Technical reports with R Markdown & Bookdown

I provide markdown snippets for a variety of text environments and formats that can be created with R Markdown and the Bookdown package. I focus on the elements that I find most useful for writing math.

Matthew Bain
March 22, 2024

The combination of R Markdown with functionality from the Bookdown package and Distill web publishing format provides a comprehensive set of tools for composing web documents. In this high-level reference guide I cover the tools that I find most useful for writing organized, easily referenced, math-heavy documents. The examples are arbitrary, only meant to illustrate the syntax. The LaTeX and markdown syntax are not explained. For each example I provide the raw text followed by the rendered output.

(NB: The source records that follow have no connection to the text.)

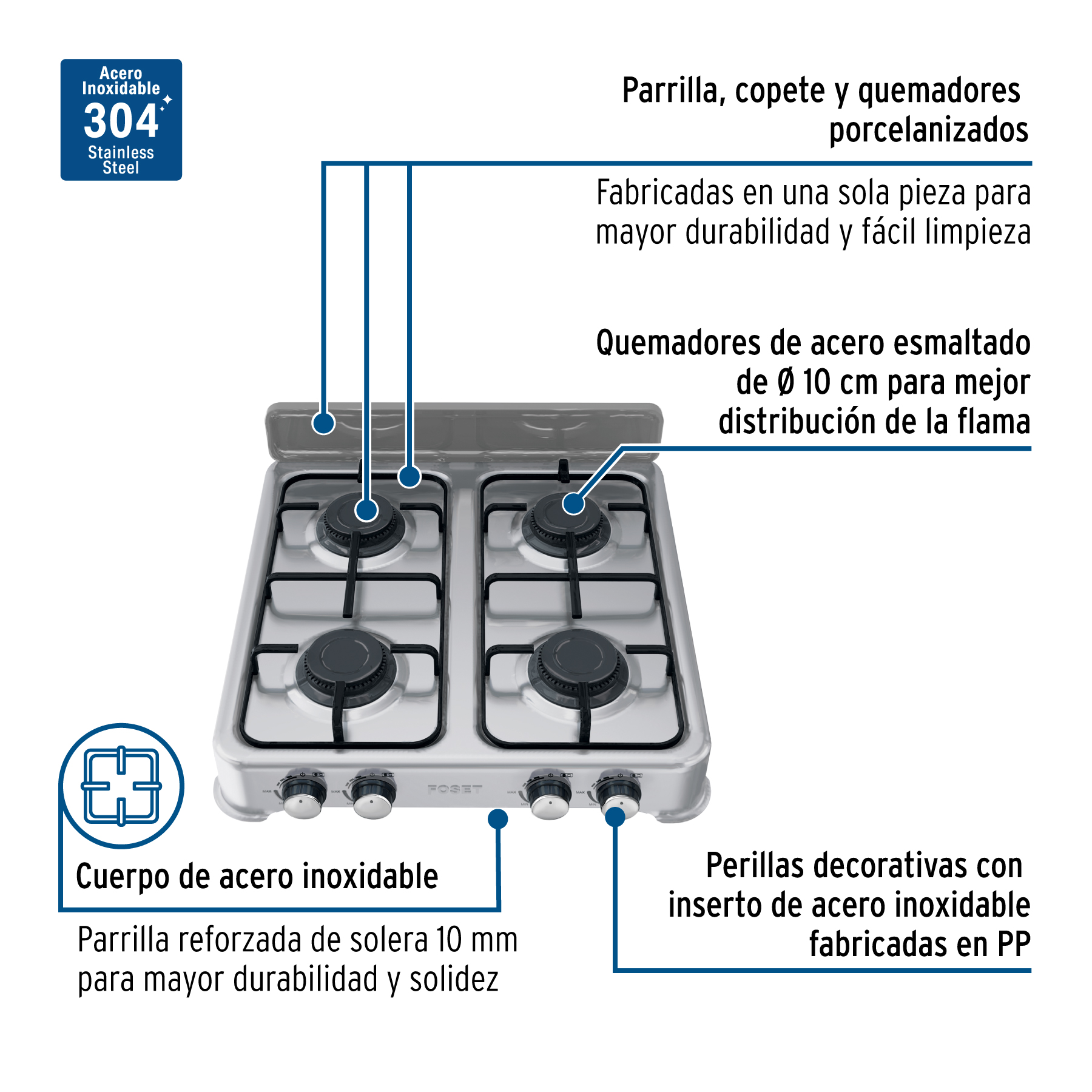 Parrilla de gas de sobreponer,4 quemadores, inox, FOSET AERO
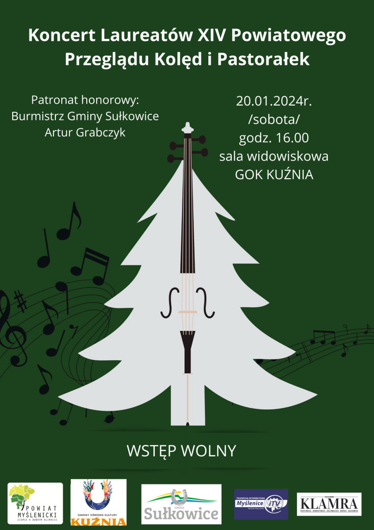 Gminny Ośrodek Kultury "KUŹNIA" w Sułkowicach zaprasza na Koncert Laureatów XIV Powiatowego Przeglądu Kolęd i Pastorałek, który odbędzie się w dniu 20.01.2024r. /sobota/, godz. 16.00 sala widowiskowa GOK "KUŹNIA"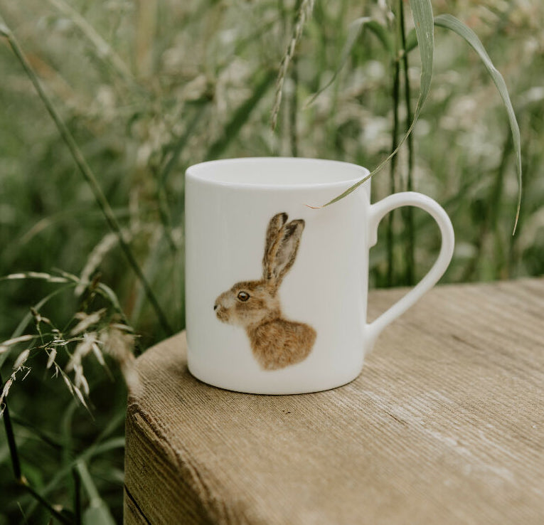 Featuring Rachel’s delicate pencil drawing of a hare, this small sized bone china mug fits perfectly in your hand, and means you can keep topping it up from a nearby teapot.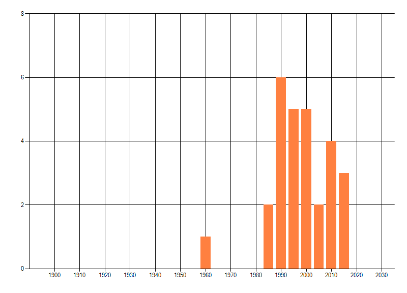 Het aantal atlasblokken (5x5 km) waarin de soort is gemeld binnen een periode van vijf jaar (vanaf 1980) of twintig jaar. Niet gecorrigeerd voor waarnemersinspanning en het aantal doorgegeven waarnemingen kan sterk variëren per periode, dus een trend in verspreiding kan hier niet direct uit worden afgelezen. Het opgegeven jaartal is het eerste jaar van de periode. Bron: gevalideerde waarnemingen uit de NDFF.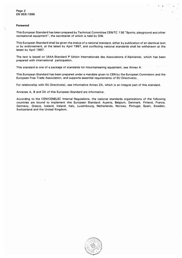 EN 959:2007 - Mountaineering equipment - Rock anchors - Safety requirements and test methods - Effective Date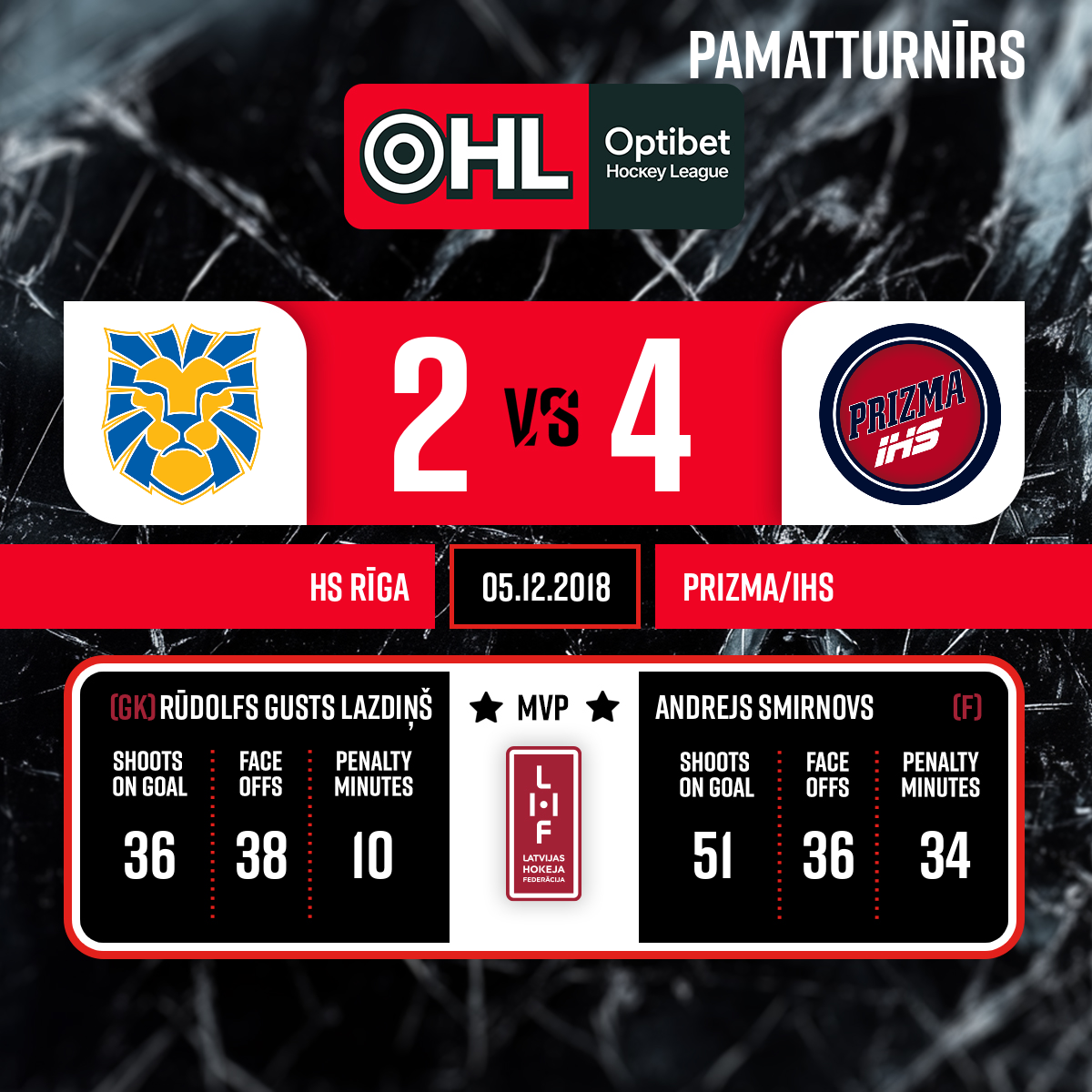 - 60:003.PSpēles labākie spēlētāji: HS Rīga Rūdolfs Gusts Lazdiņš #42 HK Prizma Andrejs Smirnovs #13
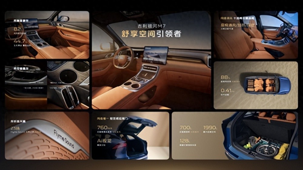 银河M7的舒享体验,做到了同级全方位领先,从空间、静谧性到座椅体验,每一处都紧扣家用出行的核心需求。依托GEA Evo架构实现空间重构,整车得房率同级领先,后备厢基础容积700L,最大可拓展至1990L,还有30处精巧储物空间,装载能力拉满;整车静谧性同级最佳,160项风噪优化措施搭配双层夹胶静音玻璃,高速行驶时也能保持车内安静;内饰用料同级更奢,大面积生态麂皮搭配生态木纹饰板与水晶组件,触手可及皆是精致,十层棉花糖座椅配备通风、加热与按摩功能,让驾乘感受更舒适,视觉识别电尾门为同级少有配置,日常使用更便捷。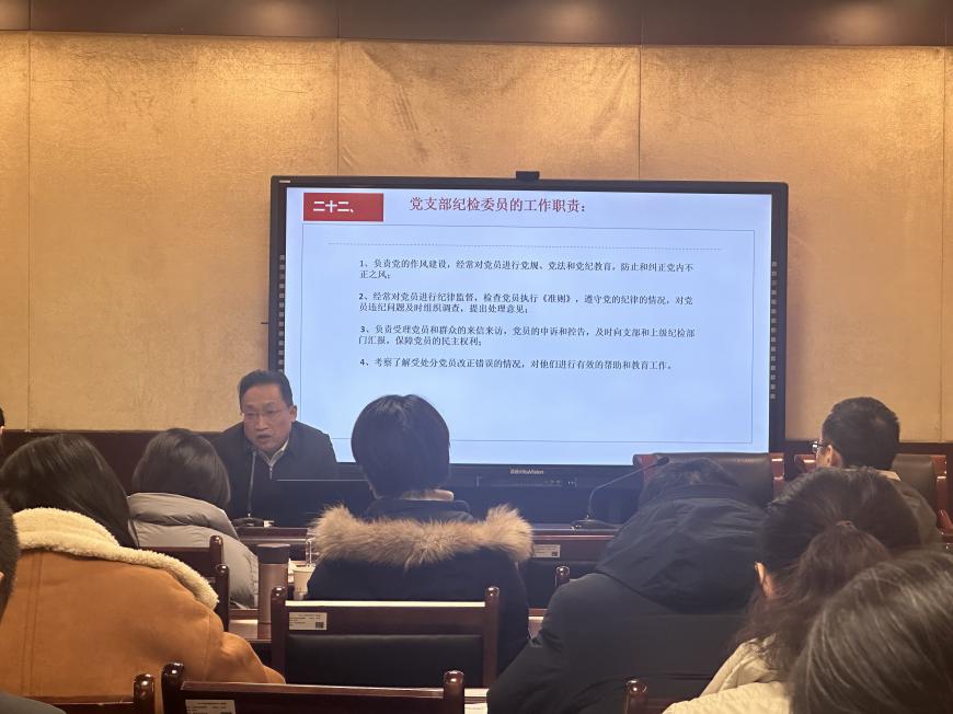 韩杰围绕《中国共产党支部工作条例(试行)》展开培训,结合后勤工作实际,从党支部工作原则、职责定位、组织设置、组织生活等方面与大家进行了交流。聚焦党支部纪检委员工作职责和三项重点工作,要求党支部纪检委员每年至少组织一次党纪专题学习、开展一次廉洁风险排查、进行一次警示教育、与重点岗位人员至少进行一次谈心谈话、向支部大会报告一次纪检工作,确保纪检工作落到实处,取得实效。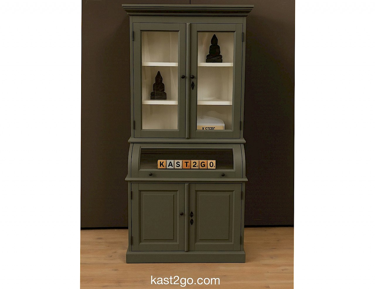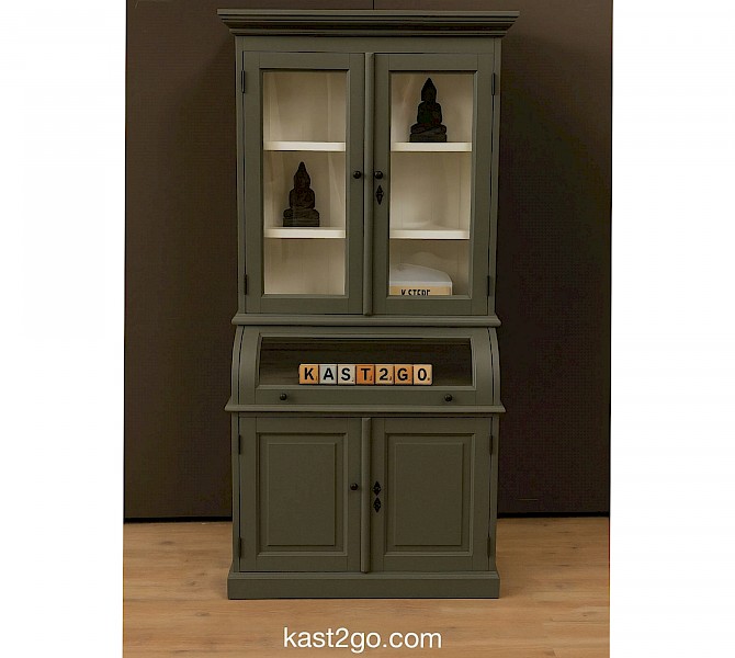 Deze mooie buffetkast Bastiaan bestaat uit 2 gedeeltes, onder en boven. Het bovenste gedeelte van deze witte buffetkast valt achter de sierlijst. De klep van deze kast schuiven naar binnen en kunnen ook in een vaste stand open blijven staan. Met deze buffetkast haalt u een zeer romantische landelijke sfeer in huis! Softclosing op de lades! Speciaal voor deze klant in RAL7009 gespoten, maar uiteraard kan ook u zelf uw gewenste RAL-kleur kiezen, prijs blijft hetzelfde!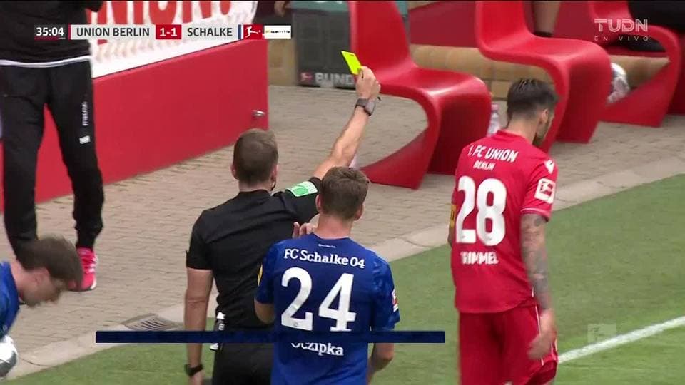 Tarjeta amarilla. El árbitro amonesta a Christopher Trimmel de 1. FC Union Berlin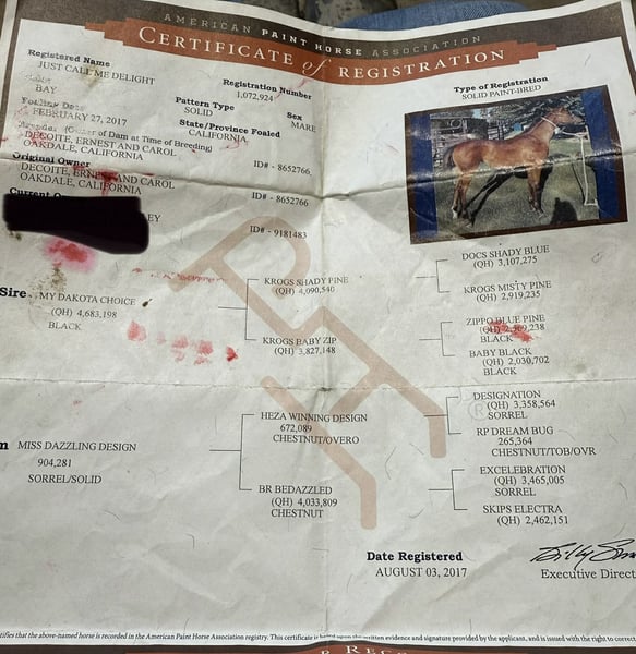 ONLINE AUCTION Place your bids at www.PlatinumEquineAuction.com Starting Bid $3500 Auction ends January 18th, 2026 Need a new saddle? Check out White Rock Saddles on our website or Facebook JUST CALL ME DELIGHT 2017 APHA • 15 hands • Stout-made bay mare Dependable. Pretty. Easy to get along with. If you’re searching for a mare that’s trustworthy, well put together, and nice to look at, here she is. Delight is the kind of horse that makes the search worth it. She’s not loud or over-the-top. She’s simply a really good mare in every sense of the word. She’s a rich bay with a soft, kind expression and a strong, balanced build. There’s a quiet confidence about her that people notice right away. She stands out without trying and leaves a good impression wherever she goes. Delight is easy to live with and even easier to enjoy. She stalls or pastures quietly, stands well to tack, bathes without fuss, and hauls calmly. No quirks, no attitude, no added work. She’s the kind of horse that fits into your routine instead of changing it. Under saddle, she’s smooth, relaxed, and honest. In the arena, she keeps a steady rhythm, moves willingly forward, and flows through her gaits comfortably. She’s uncomplicated and forgiving, making every ride pleasant and stress-free. Outside the arena, Delight stays just as sensible. She’s been used on the trail and in ranch settings, where she crosses water, handles obstacles, works through brush, and navigates uneven ground with ease. She’s helped gather and stays focused and level-headed while doing her job. Her pedigree brings depth to an already solid foundation. By My Dakota Choice and out of Miss Dazzling Design, with influence from Docs Shady Blue and Heza Winning Design, she comes from bloodlines known for producing capable, good-minded horses. That quality shows in how she thinks and handles new situations. Delight truly earns her name. She’s pleasant to be around, comfortable to ride, and the kind of mare you appreciate more with every ride. A solid, dependable horse that’s as enjoyable in the barn as she is under saddle. Located in Paicines, California Nationwide shipping available with reputable haulers 📞 Contact Longhorn Ranch – Dina 831-537-1915 ONLINE AUCTION Place your bids at www.PlatinumEquineAuction.com Starting Bid $3500 Auction ends January 18th, 2026 Need a new saddle? Check out White Rock Saddles on our website or Facebook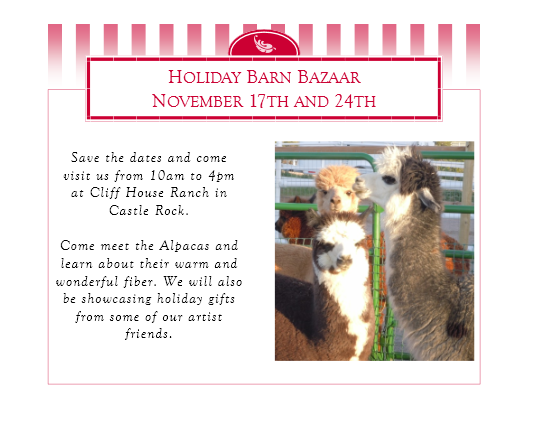 I know it’s been awhile since you heard from me, but don’t worry, we’ve been busy! Mom has been knitting, and Aunt Geri and I have been spinning like crazy for our upcoming Holiday Barn Bazaar! So if you are in the Denver, Colorado area, save either November 17th or the 24th, and come on down to the ranch to meet the alpacas.

1 Definition, theorem, proof

Ah, the familiar math textbook refrain. Below is the Bookdown syntax for definition, theorem, and proof environments, respectively.

Definition

::: {#disjoint-sets-def .definition name="Disjoint sets"}
Two sets $A_1$ and $A_2$ are **disjoint** if their intersection 
$A_1 \cap A_2 = \emptyset$, where $\emptyset$ is the empty set. We say that
$n$ sets $A_1, A_2, ..., A_n$ are disjoint if $A_i \cap A_j = \emptyset$ 
for $i! = j$. 
:::

Definition 1 (Disjoint sets) Two sets \(A_1\) and \(A_2\) are disjoint if their intersection \(A_1 \cap A_2 = \emptyset\), where \(\emptyset\) is the empty set. We say that \(n\) sets \(A_1, A_2, ..., A_n\) are disjoint if \(A_i \cap A_j = \emptyset\) for \(i! = j\).

Theorem

::: {#pyth-thm .theorem name="Pythagorean theorem"}
Given a right triangle, if $c$ denotes the length of the hypotenuse and
$a$ and $b$ the lengths of the other two sides, then
$$a^2 + b^2 = c^2$$.
:::

Theorem 1 (Pythagorean theorem) Given a right triangle, if \(c\) denotes the length of the hypotenuse and \(a\) and \(b\) the lengths of the other two sides, then \[a^2 + b^2 = c^2.\]

Proof

::: {.proof name="Pythagorean theorem"}
Let $x, y$ be ...

... Thus, $$a^2 + b^2 = c^2,$$

as desired.

$$
\tag*{$\square$}
$$
:::

Proof (Pythagorean theorem). Let \(x, y\) be …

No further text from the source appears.